Sunday, November 8, 2015

Sticking up for Downers

I need to vent about a disturbing trend. Frequently, the same tiny publishing houses willing to read unsolicited work also seem to want the work they receive to be "life-affirming". (The other variable at play here is I'm often sending work to gay publishers, but I've noticed it's started to bleed out into the mainstream as well.)

Where did this phantom obligation come from? I understand and accept my responsibility to be entertaining, to pull my reader's face down the page. I understand and cope with the fact that in our whiz-bang, lookey-here, squirrelly little world, the moment my story gets too info-dumpy or formulaic, people will be off to play Candy Crush or watch Youtube videos where cats do fun shit. And I understand the need for some kind of takeaway-moral-life lesson-theme-point.

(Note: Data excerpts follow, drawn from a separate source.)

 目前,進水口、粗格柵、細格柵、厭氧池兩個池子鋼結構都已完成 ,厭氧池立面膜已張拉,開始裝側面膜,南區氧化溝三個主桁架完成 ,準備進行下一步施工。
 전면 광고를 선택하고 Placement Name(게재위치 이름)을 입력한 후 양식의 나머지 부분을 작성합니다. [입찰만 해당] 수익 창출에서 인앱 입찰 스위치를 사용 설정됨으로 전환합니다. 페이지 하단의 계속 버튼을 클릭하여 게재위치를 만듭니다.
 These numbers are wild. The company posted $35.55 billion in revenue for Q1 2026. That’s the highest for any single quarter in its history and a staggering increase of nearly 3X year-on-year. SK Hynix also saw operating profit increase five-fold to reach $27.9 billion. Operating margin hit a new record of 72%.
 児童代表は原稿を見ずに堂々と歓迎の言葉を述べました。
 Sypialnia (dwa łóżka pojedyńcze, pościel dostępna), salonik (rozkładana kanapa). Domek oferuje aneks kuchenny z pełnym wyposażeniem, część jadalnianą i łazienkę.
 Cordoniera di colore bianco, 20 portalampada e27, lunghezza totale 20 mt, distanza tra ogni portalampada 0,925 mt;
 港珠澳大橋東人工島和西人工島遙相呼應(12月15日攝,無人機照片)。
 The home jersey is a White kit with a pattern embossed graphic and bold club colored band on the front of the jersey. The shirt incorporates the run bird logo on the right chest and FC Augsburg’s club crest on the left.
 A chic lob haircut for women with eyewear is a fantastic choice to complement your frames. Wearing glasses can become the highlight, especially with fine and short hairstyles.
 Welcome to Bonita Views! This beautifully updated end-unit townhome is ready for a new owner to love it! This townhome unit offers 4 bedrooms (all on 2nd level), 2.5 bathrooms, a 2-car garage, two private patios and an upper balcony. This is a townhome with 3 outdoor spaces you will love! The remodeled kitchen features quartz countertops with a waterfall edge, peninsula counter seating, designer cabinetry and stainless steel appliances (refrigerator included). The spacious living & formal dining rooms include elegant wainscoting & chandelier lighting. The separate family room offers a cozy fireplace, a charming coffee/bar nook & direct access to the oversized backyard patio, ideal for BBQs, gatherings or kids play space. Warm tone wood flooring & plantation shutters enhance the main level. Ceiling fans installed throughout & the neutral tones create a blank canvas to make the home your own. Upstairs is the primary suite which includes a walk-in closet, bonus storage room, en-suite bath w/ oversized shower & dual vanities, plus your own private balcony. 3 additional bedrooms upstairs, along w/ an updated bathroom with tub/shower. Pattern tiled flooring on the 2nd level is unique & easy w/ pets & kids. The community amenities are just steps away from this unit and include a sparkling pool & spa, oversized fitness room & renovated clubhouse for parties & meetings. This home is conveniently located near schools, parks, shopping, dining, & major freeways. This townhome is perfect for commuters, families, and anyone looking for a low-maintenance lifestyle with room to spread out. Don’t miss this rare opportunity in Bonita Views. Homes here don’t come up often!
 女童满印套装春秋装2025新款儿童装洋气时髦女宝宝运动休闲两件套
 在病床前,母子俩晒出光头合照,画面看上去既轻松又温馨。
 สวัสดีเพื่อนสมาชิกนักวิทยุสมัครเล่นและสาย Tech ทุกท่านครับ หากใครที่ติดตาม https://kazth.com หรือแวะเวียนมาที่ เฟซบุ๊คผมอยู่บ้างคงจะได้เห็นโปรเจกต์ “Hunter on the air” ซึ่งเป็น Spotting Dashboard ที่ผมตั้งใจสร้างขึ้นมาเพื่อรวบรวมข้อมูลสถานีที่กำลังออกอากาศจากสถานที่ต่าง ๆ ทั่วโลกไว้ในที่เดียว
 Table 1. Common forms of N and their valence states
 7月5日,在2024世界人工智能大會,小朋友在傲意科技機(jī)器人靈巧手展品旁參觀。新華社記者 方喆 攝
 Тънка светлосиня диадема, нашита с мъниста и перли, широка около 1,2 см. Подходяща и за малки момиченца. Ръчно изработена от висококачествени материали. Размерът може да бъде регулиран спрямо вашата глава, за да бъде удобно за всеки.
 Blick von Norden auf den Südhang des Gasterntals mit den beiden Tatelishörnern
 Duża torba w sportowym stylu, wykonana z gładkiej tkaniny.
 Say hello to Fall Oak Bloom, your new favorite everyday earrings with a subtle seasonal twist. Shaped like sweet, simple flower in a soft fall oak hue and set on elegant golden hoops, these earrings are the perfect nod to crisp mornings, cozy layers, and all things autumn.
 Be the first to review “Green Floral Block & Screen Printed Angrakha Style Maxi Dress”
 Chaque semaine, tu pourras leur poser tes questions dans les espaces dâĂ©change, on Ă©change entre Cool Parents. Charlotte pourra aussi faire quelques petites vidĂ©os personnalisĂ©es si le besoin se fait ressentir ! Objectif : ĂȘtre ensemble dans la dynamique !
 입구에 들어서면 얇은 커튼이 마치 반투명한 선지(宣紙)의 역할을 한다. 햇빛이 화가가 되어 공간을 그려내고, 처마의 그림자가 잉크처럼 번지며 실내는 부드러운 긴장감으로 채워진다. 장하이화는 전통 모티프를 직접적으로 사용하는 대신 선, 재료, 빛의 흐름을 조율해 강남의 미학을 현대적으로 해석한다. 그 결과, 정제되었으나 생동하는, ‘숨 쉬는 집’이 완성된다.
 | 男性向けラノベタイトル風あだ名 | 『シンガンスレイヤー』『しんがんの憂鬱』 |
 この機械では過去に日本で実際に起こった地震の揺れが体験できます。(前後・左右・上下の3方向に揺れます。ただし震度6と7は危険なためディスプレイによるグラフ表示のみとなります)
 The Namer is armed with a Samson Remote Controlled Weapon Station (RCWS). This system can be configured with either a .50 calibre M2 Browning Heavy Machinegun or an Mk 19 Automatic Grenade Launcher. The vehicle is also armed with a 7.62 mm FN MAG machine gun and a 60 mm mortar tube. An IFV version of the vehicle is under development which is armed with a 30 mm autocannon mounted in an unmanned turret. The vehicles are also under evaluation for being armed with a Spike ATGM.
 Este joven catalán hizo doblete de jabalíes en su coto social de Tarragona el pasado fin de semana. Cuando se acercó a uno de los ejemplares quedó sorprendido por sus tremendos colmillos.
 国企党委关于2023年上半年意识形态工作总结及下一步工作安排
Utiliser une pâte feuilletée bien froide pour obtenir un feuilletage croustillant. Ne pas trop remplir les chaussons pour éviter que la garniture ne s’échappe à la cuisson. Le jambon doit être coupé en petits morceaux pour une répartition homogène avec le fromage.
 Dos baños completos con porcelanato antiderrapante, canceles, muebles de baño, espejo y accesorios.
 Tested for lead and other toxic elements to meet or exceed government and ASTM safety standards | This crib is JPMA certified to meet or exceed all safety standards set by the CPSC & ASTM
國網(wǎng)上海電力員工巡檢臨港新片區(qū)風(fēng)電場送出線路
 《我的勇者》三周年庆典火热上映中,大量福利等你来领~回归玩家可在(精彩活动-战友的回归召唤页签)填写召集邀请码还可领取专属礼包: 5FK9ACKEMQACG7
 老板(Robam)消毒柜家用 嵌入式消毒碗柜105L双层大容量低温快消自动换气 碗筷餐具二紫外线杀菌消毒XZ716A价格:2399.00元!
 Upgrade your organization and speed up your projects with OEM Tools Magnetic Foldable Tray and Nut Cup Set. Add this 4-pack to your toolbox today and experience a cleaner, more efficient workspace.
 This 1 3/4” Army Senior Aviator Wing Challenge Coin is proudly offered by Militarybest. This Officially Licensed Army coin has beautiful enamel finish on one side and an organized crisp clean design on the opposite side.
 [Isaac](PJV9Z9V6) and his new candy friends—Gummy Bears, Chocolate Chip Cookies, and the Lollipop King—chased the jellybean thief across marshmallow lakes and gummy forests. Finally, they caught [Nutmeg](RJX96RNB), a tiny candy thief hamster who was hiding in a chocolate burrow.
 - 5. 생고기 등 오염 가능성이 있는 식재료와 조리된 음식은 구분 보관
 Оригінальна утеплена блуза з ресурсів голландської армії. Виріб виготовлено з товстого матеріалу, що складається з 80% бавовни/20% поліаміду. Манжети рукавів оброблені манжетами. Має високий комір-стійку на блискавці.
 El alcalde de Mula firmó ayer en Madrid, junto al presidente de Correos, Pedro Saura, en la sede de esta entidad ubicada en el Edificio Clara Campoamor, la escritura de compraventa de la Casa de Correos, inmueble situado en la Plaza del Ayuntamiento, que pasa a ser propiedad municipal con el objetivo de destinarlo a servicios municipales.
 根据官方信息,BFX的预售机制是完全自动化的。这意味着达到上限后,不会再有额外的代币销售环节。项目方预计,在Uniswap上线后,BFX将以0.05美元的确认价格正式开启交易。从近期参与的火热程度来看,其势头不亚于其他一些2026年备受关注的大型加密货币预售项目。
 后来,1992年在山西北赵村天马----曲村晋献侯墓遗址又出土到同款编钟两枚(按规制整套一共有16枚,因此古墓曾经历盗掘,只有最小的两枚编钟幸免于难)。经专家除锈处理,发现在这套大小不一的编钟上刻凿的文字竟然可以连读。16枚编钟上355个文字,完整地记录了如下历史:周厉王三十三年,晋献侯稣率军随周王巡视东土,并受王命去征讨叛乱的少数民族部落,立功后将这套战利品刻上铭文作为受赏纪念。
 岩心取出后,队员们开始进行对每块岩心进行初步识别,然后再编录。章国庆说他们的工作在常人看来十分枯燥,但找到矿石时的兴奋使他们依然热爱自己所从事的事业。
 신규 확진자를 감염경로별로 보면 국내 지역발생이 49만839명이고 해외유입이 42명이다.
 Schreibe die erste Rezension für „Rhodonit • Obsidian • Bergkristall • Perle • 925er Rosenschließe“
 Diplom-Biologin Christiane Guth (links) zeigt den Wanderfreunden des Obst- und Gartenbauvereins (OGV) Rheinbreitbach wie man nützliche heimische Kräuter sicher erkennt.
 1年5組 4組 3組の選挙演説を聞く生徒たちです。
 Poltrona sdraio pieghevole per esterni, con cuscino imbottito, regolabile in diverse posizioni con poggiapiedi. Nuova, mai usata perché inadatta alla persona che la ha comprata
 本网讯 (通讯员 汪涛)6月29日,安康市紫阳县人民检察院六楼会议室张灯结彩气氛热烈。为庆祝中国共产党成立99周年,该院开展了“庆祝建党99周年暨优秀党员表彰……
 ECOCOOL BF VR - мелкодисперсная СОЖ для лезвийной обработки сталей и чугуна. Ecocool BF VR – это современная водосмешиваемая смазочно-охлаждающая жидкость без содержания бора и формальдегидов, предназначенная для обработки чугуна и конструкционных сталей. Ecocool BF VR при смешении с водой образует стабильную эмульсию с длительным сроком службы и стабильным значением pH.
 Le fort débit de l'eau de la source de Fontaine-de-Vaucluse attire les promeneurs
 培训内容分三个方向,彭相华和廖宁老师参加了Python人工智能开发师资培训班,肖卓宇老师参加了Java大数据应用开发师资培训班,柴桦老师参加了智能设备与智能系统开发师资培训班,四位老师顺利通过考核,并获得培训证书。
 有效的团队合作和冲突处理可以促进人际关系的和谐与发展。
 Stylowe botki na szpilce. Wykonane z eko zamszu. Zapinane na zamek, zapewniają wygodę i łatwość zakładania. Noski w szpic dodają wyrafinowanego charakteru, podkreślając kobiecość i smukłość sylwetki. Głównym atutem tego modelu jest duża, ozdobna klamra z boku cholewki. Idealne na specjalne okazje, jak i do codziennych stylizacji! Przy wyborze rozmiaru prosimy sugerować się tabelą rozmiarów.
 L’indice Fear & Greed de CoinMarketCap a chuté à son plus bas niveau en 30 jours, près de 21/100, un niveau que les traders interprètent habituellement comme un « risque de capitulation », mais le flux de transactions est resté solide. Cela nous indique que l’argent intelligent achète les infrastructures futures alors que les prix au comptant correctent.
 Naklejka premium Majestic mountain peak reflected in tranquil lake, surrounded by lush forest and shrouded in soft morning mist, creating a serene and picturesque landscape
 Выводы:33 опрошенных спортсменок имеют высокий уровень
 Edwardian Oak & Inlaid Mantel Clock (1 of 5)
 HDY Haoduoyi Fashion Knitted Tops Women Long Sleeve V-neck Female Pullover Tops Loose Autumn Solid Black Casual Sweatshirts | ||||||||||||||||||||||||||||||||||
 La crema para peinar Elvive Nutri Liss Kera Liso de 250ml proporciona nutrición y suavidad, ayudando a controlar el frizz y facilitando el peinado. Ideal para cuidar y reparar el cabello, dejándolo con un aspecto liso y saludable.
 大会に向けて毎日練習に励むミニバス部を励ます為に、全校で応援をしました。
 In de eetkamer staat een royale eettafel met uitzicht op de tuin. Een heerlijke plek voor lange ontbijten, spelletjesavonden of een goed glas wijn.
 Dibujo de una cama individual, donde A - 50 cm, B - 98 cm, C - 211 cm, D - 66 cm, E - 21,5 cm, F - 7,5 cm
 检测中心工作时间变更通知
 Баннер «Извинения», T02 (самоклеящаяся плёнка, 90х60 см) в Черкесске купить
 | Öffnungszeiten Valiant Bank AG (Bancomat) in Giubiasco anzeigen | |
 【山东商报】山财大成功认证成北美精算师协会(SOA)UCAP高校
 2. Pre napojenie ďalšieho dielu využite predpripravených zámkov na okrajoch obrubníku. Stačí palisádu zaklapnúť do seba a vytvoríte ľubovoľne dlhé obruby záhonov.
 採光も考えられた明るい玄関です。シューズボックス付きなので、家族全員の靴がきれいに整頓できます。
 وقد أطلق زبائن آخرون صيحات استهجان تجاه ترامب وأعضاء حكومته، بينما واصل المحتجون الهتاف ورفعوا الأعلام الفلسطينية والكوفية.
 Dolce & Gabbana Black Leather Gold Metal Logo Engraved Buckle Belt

But who says it has to be happy?

Disney and Pixar have to be happy (though admission of sadness played a big role in deepening "Inside Out"). Not even young adult literature exists under this burden. Why are so many of the gateway publishers asking newcomer authors to be artificially bubbly? There's a whole mask on the theater symbol dedicated to frowning. Tragedies are all over the canon.

In the gay publishing world, there's logic behind it, even if that logic is flawed. The idea is we can't be downers because we're already asking our readers to deal with gay, and their tiny little minds can't possibly do two things. But every talented author I've ever talked to about this, gay or straight, has always operated under the assumption that their readers, by virtue of being readers in an instant gratification culture, are fairly sharp people. Like these veteran authors, I'm disinterested in writing for dumbasses. They have coloring books, T.M.Z., and Trump. They're all set.

The music of Joy Division, Depeche Mode, The Cure, The Smiths, and Nirvana has endured, in part, because sadness is a thing. The tragedy-twinged music of The Wombats, Atlas Genius, and Anberlin is likely to endure for the same reason.

Gillian Flynn's books, and books like "We Need to Talk about Kevin" and "Brutal Youth" are sad as hell. They are indispensable specifically because of their attempts to wrestle with truly scary emotional material. Depression and suicide aren't by-products of exposure to sadness, they are by-products of pressure (internal and external; real and imagined) to hide sadness. Sad work often finds a "life-affirming" message via a back road. If a reader can learn from the success of a hero's virtuous choices, it stands to reason they can learn from the mistakes of weak and even vile characters. The assumption that readers can't handle the long road is cynical and destructive.

So gatekeeper publishers, please open your minds a bit more to characters who don't overcome, settings with all the inherent joy of Snake Mountain in "He-man", and endings where the hero bleeds out while reaching for the magic whatever. This joy requirement thing is anathema to creativity, and ultimately that type of damage to the form can't benefit the bottom line you might think you're protecting.